| EXERCISE DIRECTIONS |
Somewhere below, one line contains "排水溝がビニールで覆われている状態です(AI作)" and a later line contains "And Segment Forecasts". Output those two lines and everything between them exactly, and nothing else.

PROVIDED RECORDS below:

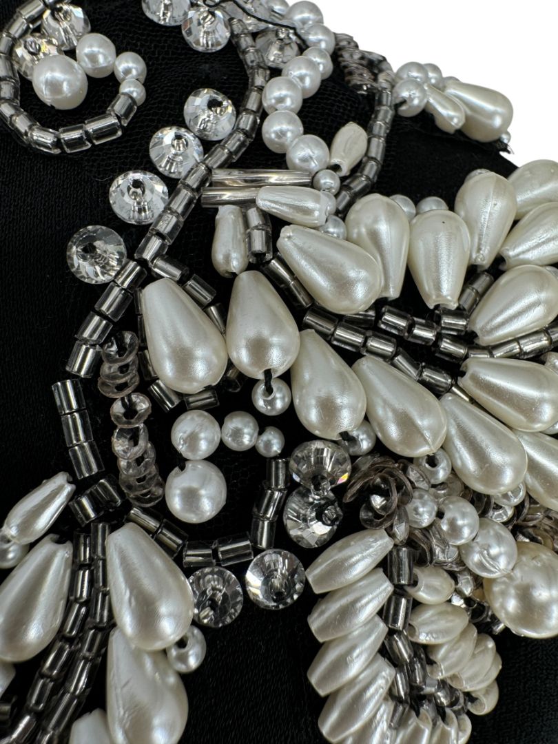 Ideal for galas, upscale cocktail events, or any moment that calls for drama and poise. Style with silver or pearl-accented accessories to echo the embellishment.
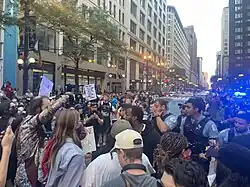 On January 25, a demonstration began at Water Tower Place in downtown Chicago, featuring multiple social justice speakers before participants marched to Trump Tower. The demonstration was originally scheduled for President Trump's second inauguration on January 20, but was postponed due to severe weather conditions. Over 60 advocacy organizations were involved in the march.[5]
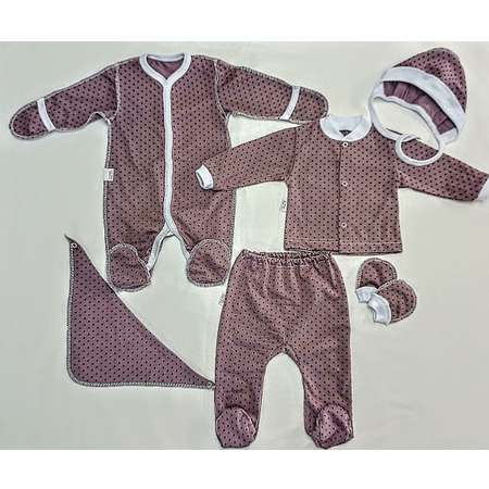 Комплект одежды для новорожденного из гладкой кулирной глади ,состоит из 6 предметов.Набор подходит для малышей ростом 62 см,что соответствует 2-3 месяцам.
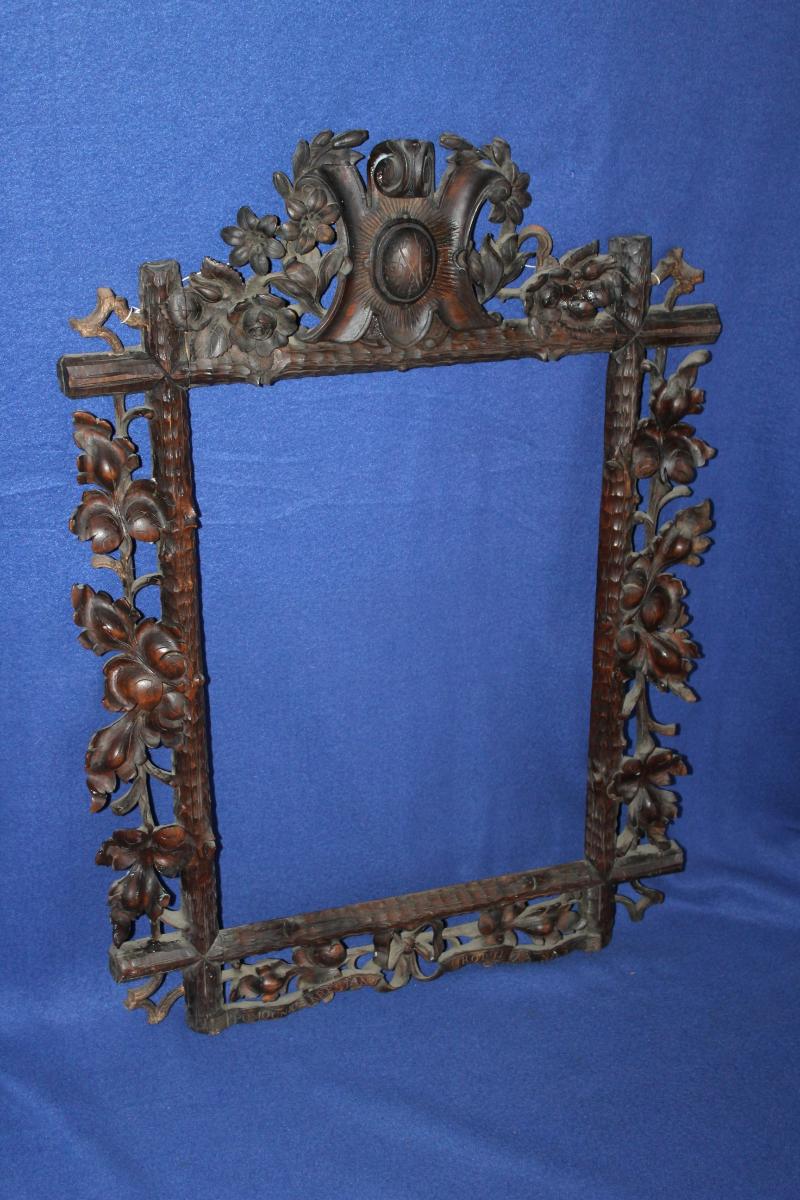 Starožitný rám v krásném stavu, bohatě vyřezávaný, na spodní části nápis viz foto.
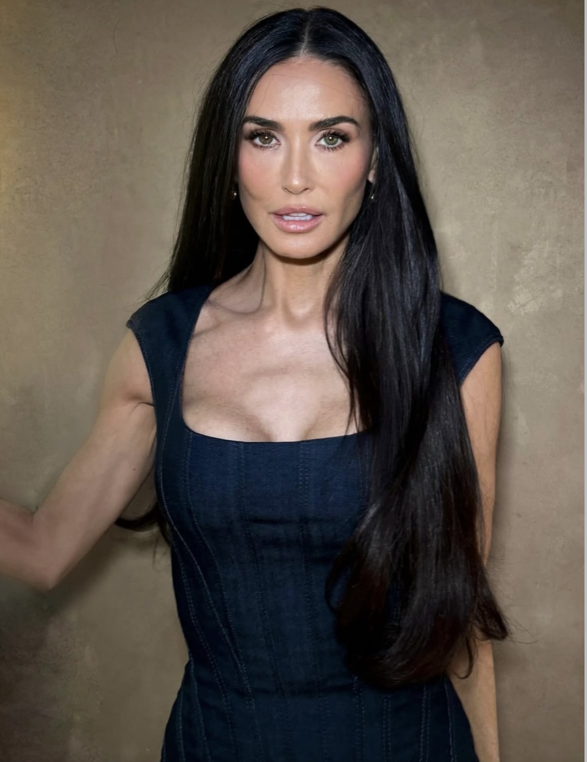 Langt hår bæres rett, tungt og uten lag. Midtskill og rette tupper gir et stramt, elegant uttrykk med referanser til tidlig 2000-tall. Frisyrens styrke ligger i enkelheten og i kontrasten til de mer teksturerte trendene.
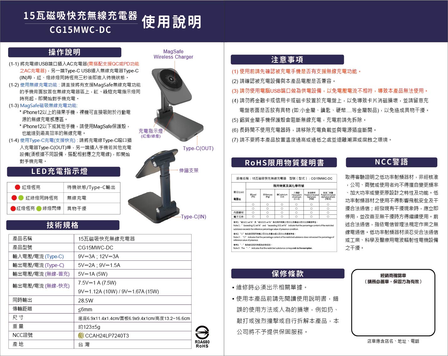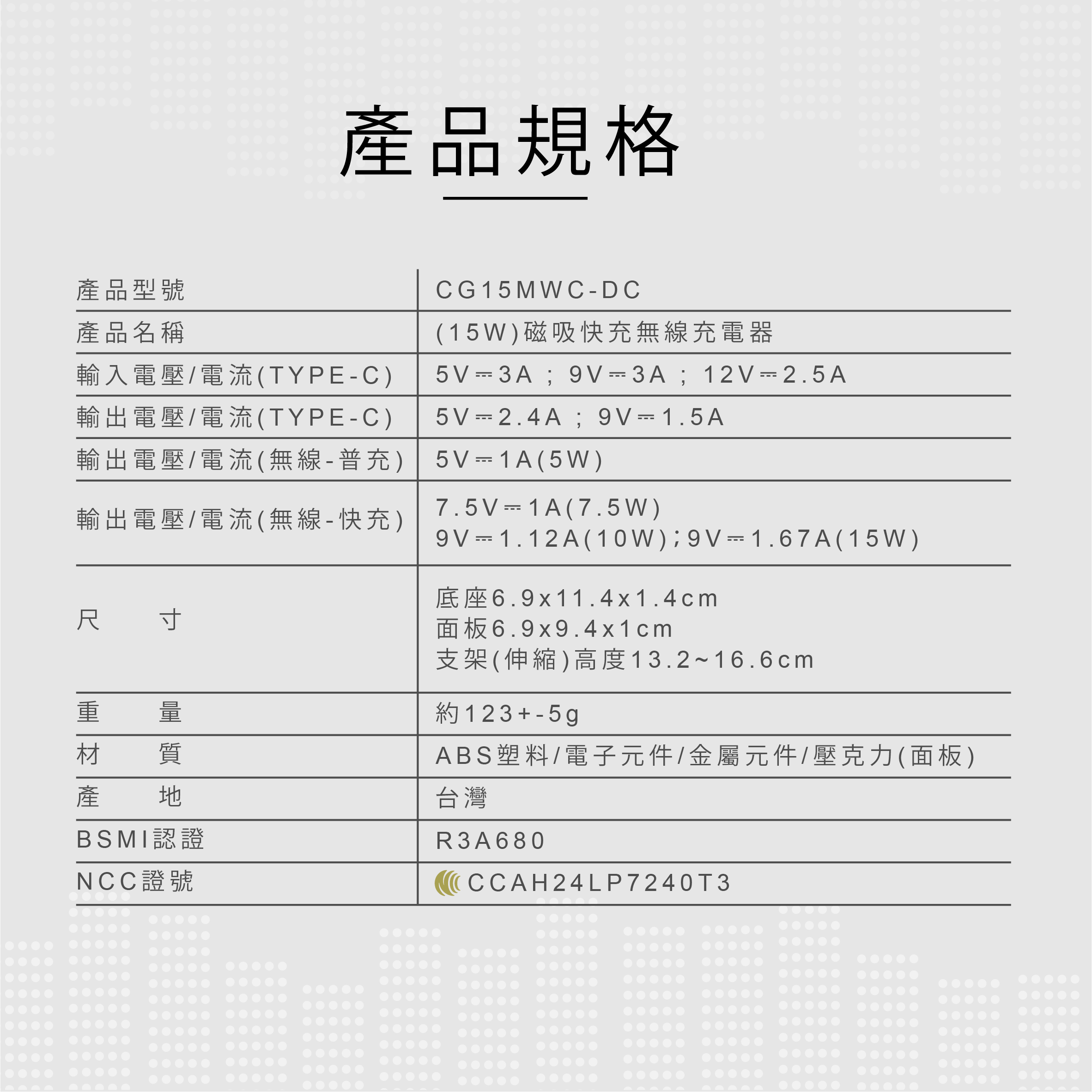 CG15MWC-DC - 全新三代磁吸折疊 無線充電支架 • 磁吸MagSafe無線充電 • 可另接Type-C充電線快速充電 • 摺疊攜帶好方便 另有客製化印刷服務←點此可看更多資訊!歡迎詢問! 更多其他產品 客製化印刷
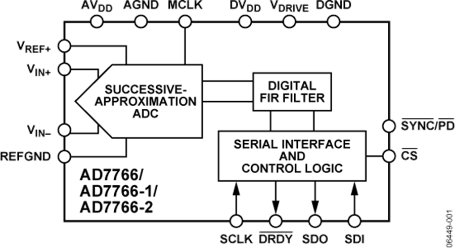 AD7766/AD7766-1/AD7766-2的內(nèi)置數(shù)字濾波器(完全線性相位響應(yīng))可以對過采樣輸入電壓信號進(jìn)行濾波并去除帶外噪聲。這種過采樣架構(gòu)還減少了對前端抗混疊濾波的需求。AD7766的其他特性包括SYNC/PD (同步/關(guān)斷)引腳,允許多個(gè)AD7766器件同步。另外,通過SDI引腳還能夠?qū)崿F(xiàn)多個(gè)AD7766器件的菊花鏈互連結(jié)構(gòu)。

End of PROVIDED RECORDS.
PROVIDED RECORDS below:

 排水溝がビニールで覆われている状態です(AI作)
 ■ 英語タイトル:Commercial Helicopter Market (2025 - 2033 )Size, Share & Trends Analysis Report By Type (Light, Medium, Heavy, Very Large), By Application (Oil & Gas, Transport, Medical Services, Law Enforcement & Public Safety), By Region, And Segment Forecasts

End of PROVIDED RECORDS.
PROVIDED RECORDS below:

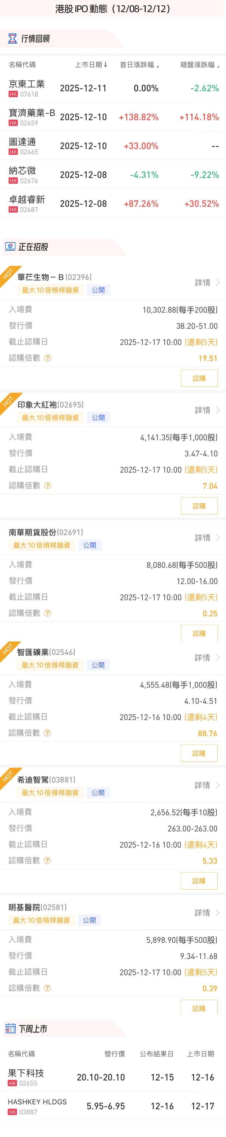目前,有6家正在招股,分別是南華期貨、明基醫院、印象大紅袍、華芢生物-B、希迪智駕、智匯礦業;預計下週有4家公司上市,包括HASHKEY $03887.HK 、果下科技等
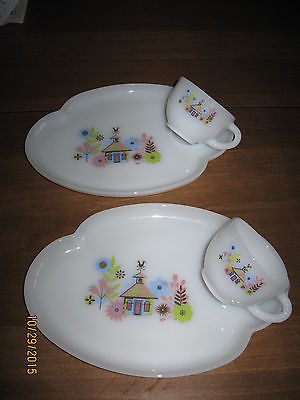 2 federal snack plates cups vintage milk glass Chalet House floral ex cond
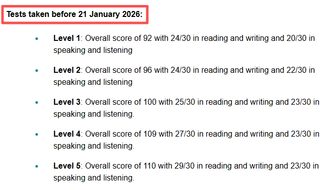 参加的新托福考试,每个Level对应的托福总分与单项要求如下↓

End of PROVIDED RECORDS.

| RESPONSE FOR THIS EXERCISE |
 排水溝がビニールで覆われている状態です(AI作)
 ■ 英語タイトル:Commercial Helicopter Market (2025 - 2033 )Size, Share & Trends Analysis Report By Type (Light, Medium, Heavy, Very Large), By Application (Oil & Gas, Transport, Medical Services, Law Enforcement & Public Safety), By Region, And Segment Forecasts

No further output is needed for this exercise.